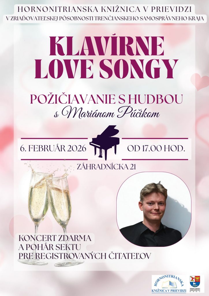Už 6. februára 2026 o 17.00 hod. vás pozývame do Hornonitrianskej knižnice v Prievidzi, Záhradnícka 21 na ďalší zo série koncertov Mariána Púčika v rámci hudobného cyklu Požičiavanie s hudbou. Tentoraz sa ponesie v znamení témy love songy.
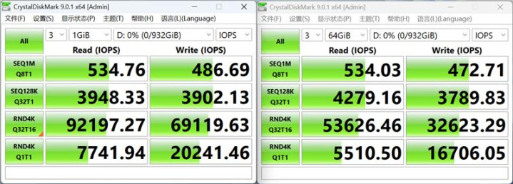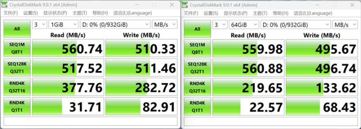 在CrystalDiskMark测试中,致态小翼S001 1TB SSD的顺序读速560MB/s,写入速度也有510MB/s;4K读写速度分别超过36MB/s和82MB/s,在64GB测试中表现也没有明显变化。
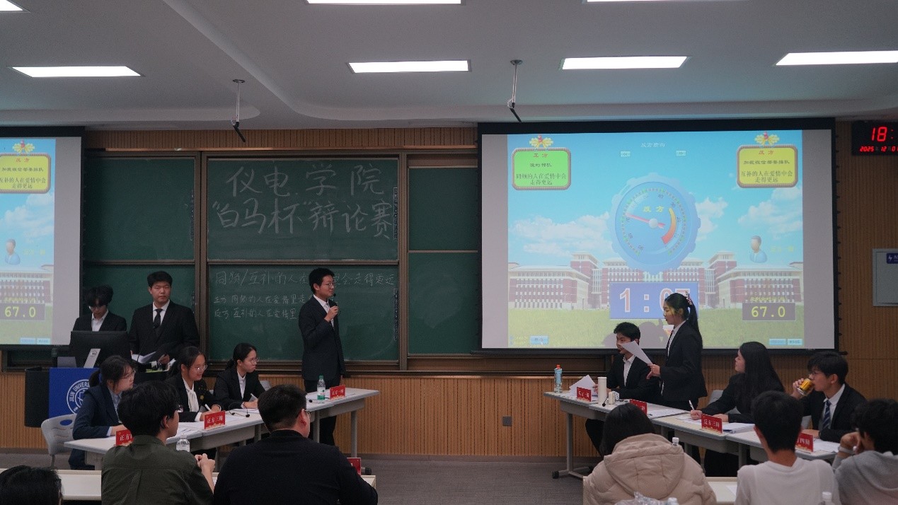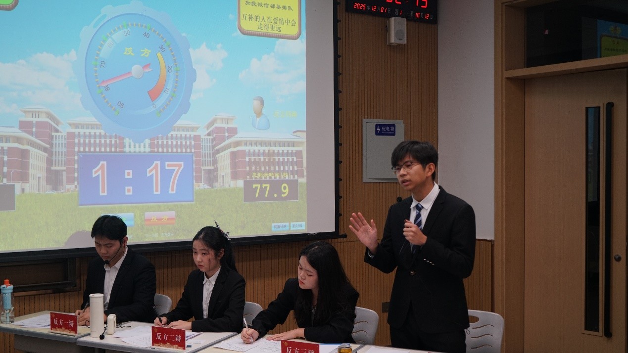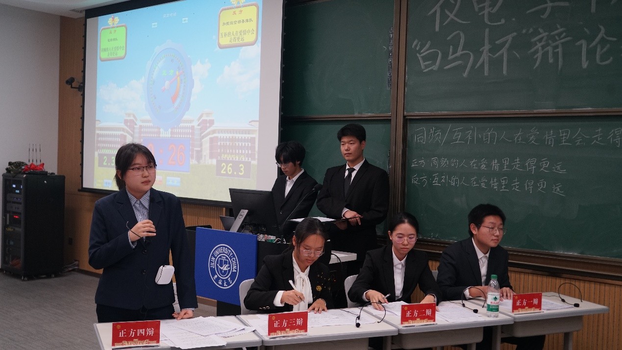 本次比赛辩题聚焦于学生们较为关注的爱情主题。正反方围绕“同频的人还是互补的人会在爱情里会走的更远”展开激烈讨论。
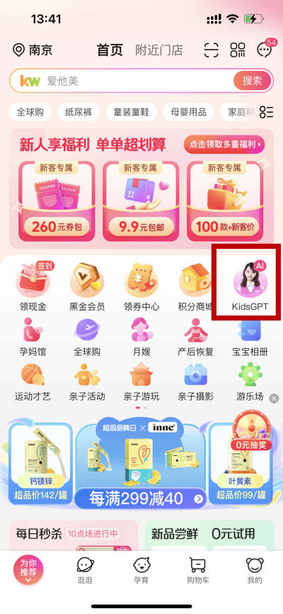 今年年初,孩子王推出了自主研發的AI育兒顧問大模型—KidsGPT。
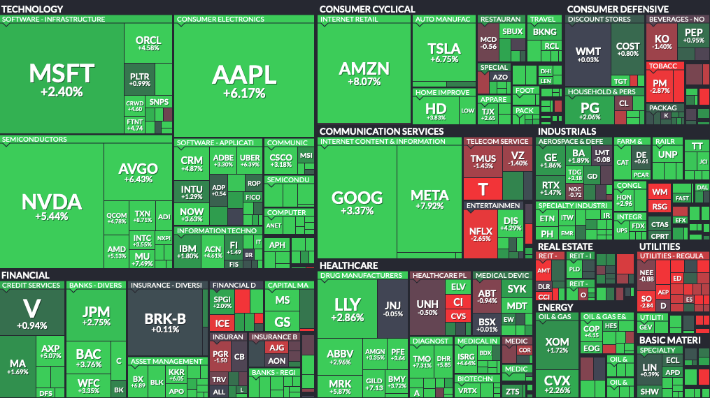 Markets Respond Positively: 📈 The announcement led to a surge in global markets. The Dow Jones Industrial Average (DIA) rose by over 1,000 points, the S&P 500 (VOO) increased by 3.26%, and the Nasdaq Composite (QQQ) climbed 4.35%. Tech and retail sectors experienced notable gains, with companies like Nvidia (NVDA), Meta (META), and Tesla (TSLA) seeing significant stock price increases.
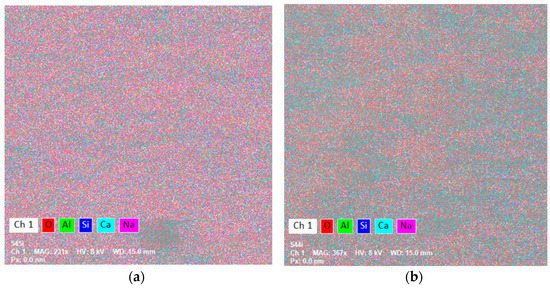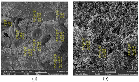 EDX was used to map the surface of the investigated samples. The maps acquired are displayed in Figure 8 and the results are presented in Table 2. The CP10VSW map shows multiple agglomerations of Ca-based phases compared to the CP map. According to the literature, the Ca/Si ratio of CSH in neat Portland cement pastes varies from ~1.2 to ~2.3 while the Ca/(Si+Al) ratio of CSH in cement-slag pastes varies from ~0.7 to ~2.4 [45]. The results presented in Table 1 reveal that both ratios are higher in the case of CP10VSW compared to CP and higher than the values presented above. These results suggest that the introduction of 10% vine shoot waste modifies the surface structure of the obtained cement by favoring the formation of Ca-based phases, such as CH and CaCO3.
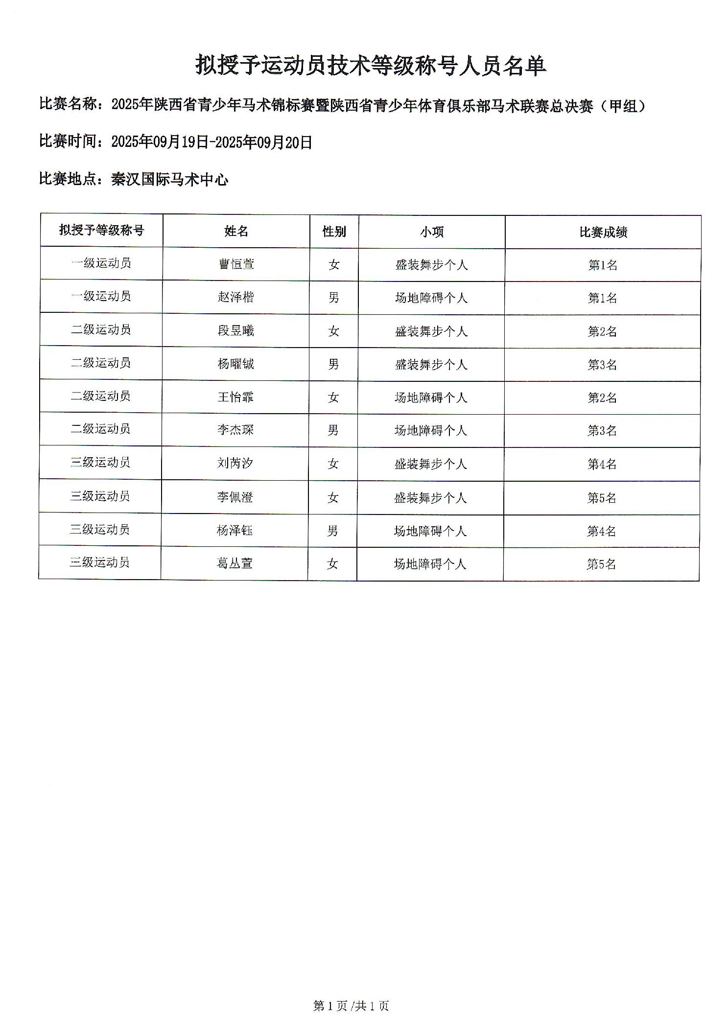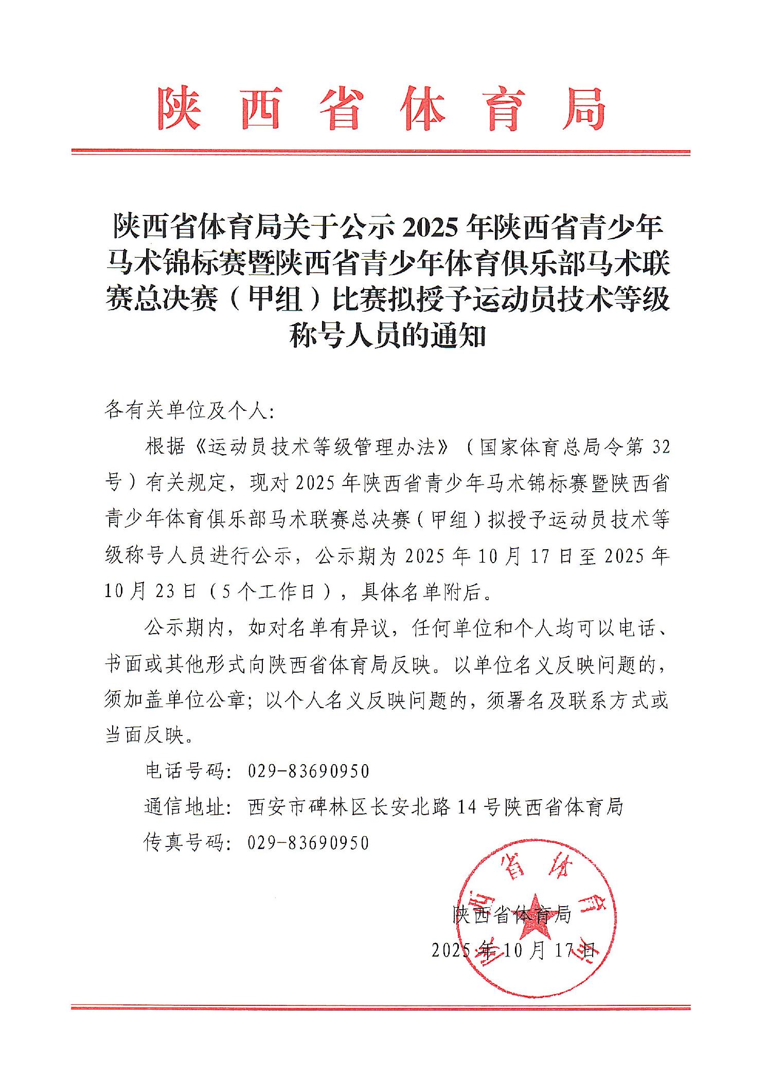 陕西省体育局关于公示 2025 年陕西省青少年马术锦标赛暨陕西省青少年体育俱乐部马术联赛总决赛(甲组)比赛拟授予运动员技术等级称号人员的通知
---*---
> [Instructions for the task]: Which lines run from the one containing "EDX was used" to the end of the data above? Set down those lines exactly, and only those, without any pictures.

> [Reply to the exercise]:
 EDX was used to map the surface of the investigated samples. The maps acquired are displayed in Figure 8 and the results are presented in Table 2. The CP10VSW map shows multiple agglomerations of Ca-based phases compared to the CP map. According to the literature, the Ca/Si ratio of CSH in neat Portland cement pastes varies from ~1.2 to ~2.3 while the Ca/(Si+Al) ratio of CSH in cement-slag pastes varies from ~0.7 to ~2.4 [45]. The results presented in Table 1 reveal that both ratios are higher in the case of CP10VSW compared to CP and higher than the values presented above. These results suggest that the introduction of 10% vine shoot waste modifies the surface structure of the obtained cement by favoring the formation of Ca-based phases, such as CH and CaCO3.
 陕西省体育局关于公示 2025 年陕西省青少年马术锦标赛暨陕西省青少年体育俱乐部马术联赛总决赛(甲组)比赛拟授予运动员技术等级称号人员的通知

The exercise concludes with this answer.